With your modification it is using 32x15=480 and 768 thread/block
However the number of thread is 524288, which in my opininon in the reason why I get
"the does not validate on cpu" and why 683 got chosen, since it is just thread/thread_per_block
This gives me around 36MHash/s
Yes, your numbers are correct, though it is not as simple as dividing the number of total threads by desired threads per block. Not all of the 524288 threads can be executed simultaneously; max resident threads for 3.x-5.x devices is 2048/SM (10240 on 750 Ti for example). However, they can be
scheduled, and are processed once resources become available as previous tasks complete.
I have the feeling it is faster because it throws away a lot of things...
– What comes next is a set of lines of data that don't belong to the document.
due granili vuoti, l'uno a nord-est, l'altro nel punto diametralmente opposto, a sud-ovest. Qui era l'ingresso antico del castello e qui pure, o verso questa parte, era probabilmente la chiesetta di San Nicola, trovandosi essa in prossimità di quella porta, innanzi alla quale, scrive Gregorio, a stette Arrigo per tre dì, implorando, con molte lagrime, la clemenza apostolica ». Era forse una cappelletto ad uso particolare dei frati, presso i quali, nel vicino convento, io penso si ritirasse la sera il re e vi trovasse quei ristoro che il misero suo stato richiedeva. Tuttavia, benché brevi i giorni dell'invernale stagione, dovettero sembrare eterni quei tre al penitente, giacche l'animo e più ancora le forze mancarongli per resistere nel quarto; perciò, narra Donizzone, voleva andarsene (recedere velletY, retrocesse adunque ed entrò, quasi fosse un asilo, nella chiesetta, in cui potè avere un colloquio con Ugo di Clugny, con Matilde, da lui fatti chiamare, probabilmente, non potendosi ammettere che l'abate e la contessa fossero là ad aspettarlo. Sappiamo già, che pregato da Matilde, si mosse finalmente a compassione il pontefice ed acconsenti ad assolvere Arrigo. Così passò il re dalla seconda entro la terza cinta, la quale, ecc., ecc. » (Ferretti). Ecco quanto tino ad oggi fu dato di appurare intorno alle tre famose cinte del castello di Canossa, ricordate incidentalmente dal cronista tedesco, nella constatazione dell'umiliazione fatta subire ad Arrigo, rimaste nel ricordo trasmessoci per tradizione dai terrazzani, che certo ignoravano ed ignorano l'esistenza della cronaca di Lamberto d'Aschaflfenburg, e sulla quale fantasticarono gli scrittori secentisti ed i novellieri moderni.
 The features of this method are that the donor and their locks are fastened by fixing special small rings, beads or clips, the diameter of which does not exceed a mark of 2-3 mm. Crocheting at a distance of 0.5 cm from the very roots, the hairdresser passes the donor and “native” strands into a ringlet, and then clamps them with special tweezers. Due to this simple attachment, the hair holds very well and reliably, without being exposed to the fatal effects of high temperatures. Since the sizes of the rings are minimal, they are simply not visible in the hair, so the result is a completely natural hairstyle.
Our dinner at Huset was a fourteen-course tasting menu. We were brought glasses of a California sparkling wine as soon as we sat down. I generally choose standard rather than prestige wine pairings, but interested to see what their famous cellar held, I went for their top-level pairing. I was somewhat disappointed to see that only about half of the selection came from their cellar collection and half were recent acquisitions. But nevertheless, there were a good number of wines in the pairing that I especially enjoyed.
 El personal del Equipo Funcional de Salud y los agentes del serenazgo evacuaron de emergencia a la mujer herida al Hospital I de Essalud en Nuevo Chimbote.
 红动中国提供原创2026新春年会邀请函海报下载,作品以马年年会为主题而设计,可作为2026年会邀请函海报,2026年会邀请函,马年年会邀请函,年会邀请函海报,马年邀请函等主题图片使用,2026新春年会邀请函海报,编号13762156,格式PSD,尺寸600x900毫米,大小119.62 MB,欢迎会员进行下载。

This is indeed what happens when you get the "does not validate" error. The CPU tries to recreate the hash one last time before submitting it as proof, and it gets dropped if it fails validation. Work in this case is simply trashed. I have not finished instrumenting the code fully to provide exact details. What I do have is verification from pools through higher reported hashrate (calculated from rate of valid shares) and in particular a correlated increase in valid share counts.
Would be interesting to have Christian opinion on that.
In there a way to decrease the number of thread ? (assuming it works) ?
Agreed, I will 100% defer to Christian on this subject